=== Input ===
- - -

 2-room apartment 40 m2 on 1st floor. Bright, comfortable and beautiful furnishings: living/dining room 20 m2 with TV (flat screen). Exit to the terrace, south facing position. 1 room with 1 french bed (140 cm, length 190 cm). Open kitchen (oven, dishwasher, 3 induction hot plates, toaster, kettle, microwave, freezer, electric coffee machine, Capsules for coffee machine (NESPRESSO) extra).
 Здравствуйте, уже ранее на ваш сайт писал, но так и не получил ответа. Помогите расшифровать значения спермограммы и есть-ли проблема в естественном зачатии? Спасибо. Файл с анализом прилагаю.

- - -

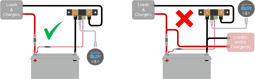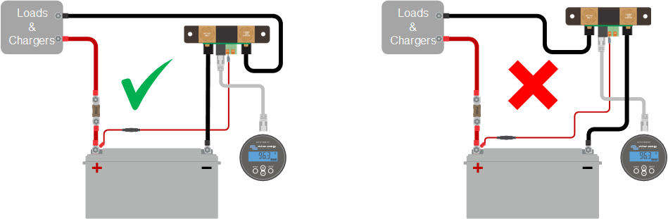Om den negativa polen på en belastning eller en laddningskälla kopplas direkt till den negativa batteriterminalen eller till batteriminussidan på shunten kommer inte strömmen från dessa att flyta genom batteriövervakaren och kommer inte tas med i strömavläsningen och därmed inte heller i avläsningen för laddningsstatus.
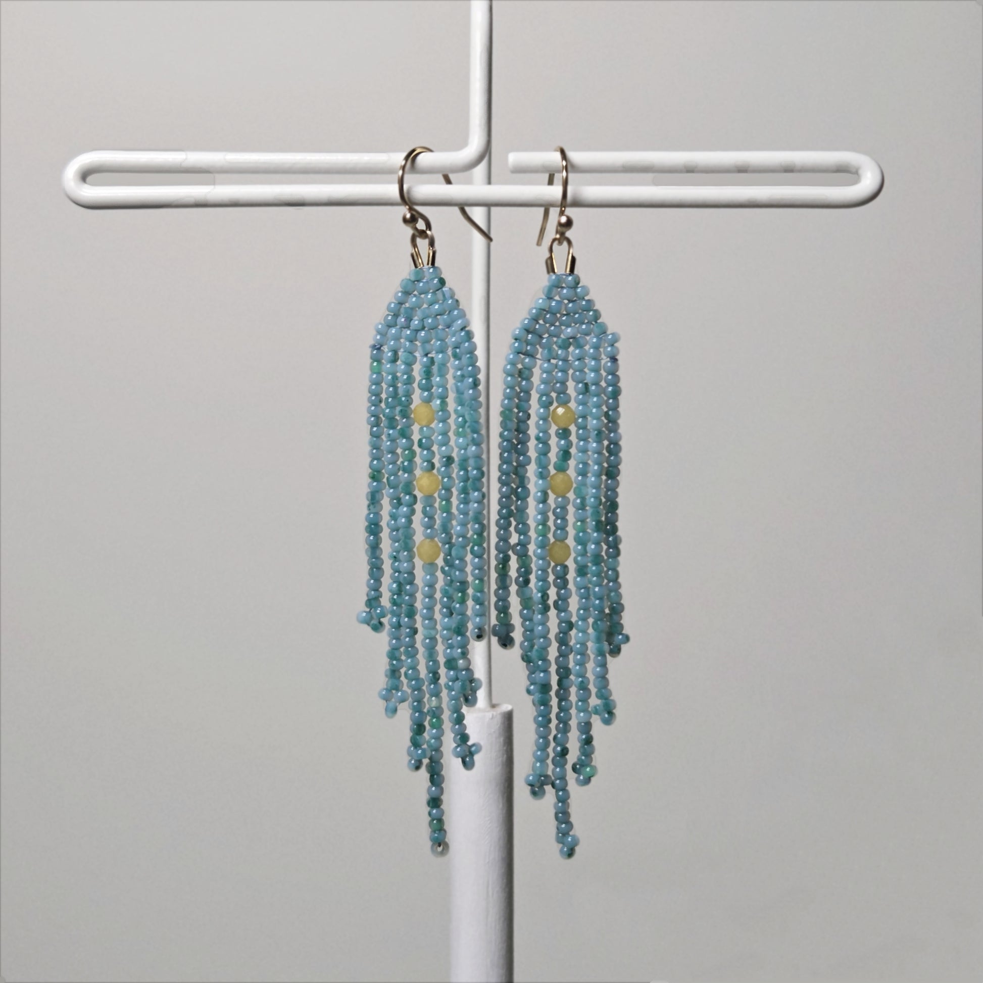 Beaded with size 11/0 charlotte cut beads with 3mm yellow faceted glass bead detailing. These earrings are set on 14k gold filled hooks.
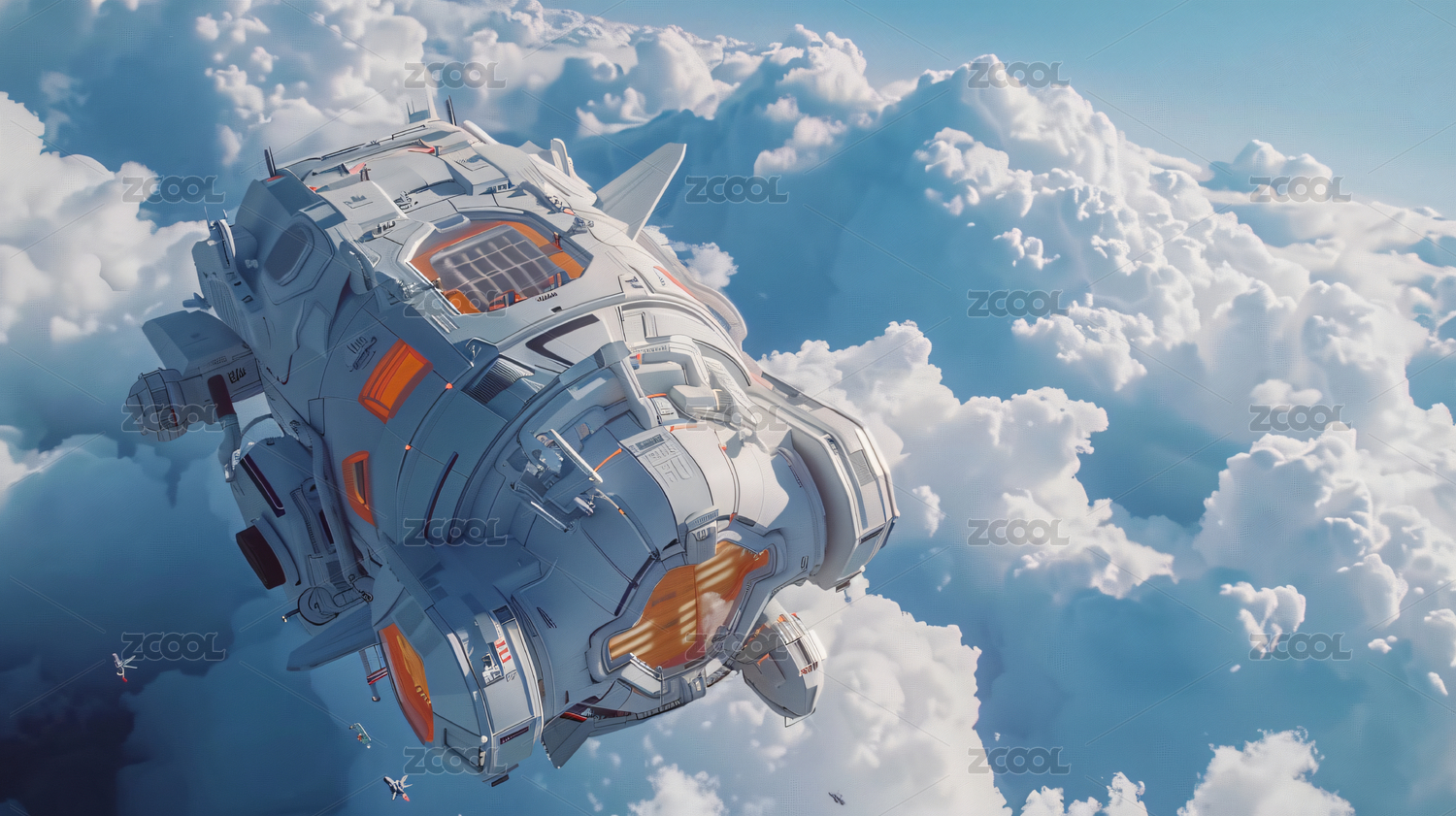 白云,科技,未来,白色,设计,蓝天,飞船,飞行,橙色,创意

- - -

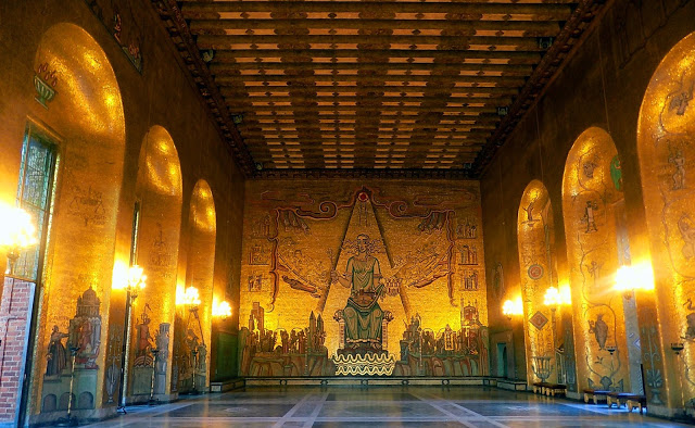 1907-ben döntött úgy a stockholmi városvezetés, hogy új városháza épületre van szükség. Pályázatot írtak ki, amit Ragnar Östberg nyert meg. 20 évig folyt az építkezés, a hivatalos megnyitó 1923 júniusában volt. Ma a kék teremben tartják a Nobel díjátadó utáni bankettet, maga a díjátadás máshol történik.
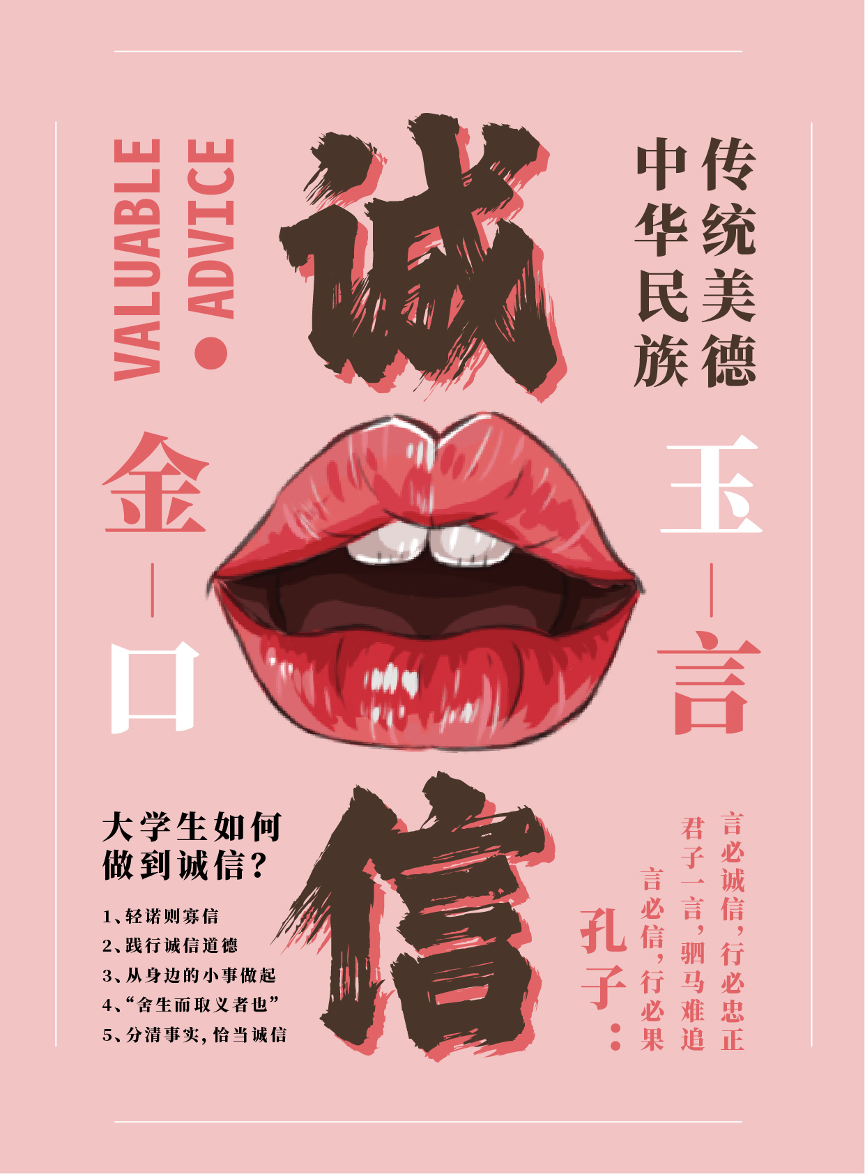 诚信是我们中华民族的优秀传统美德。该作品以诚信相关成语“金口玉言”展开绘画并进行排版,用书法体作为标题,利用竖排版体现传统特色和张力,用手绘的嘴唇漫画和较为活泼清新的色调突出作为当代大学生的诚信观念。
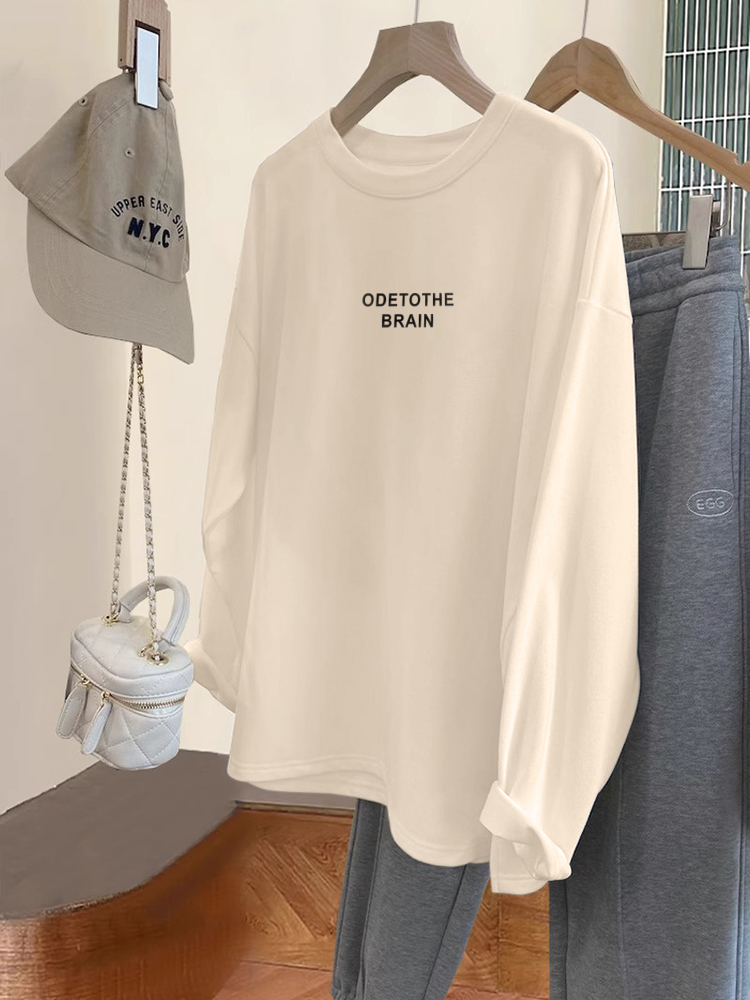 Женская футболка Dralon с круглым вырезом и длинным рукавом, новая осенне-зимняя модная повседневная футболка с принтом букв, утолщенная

- - -

=== Task to carry out ===
From the records above, retype only the lines starting at the line that contains "2-room apartment 40" and ending at the line that contains "Здравствуйте, уже ранее", both included.

=== Exercise output ===
 2-room apartment 40 m2 on 1st floor. Bright, comfortable and beautiful furnishings: living/dining room 20 m2 with TV (flat screen). Exit to the terrace, south facing position. 1 room with 1 french bed (140 cm, length 190 cm). Open kitchen (oven, dishwasher, 3 induction hot plates, toaster, kettle, microwave, freezer, electric coffee machine, Capsules for coffee machine (NESPRESSO) extra).
 Здравствуйте, уже ранее на ваш сайт писал, но так и не получил ответа. Помогите расшифровать значения спермограммы и есть-ли проблема в естественном зачатии? Спасибо. Файл с анализом прилагаю.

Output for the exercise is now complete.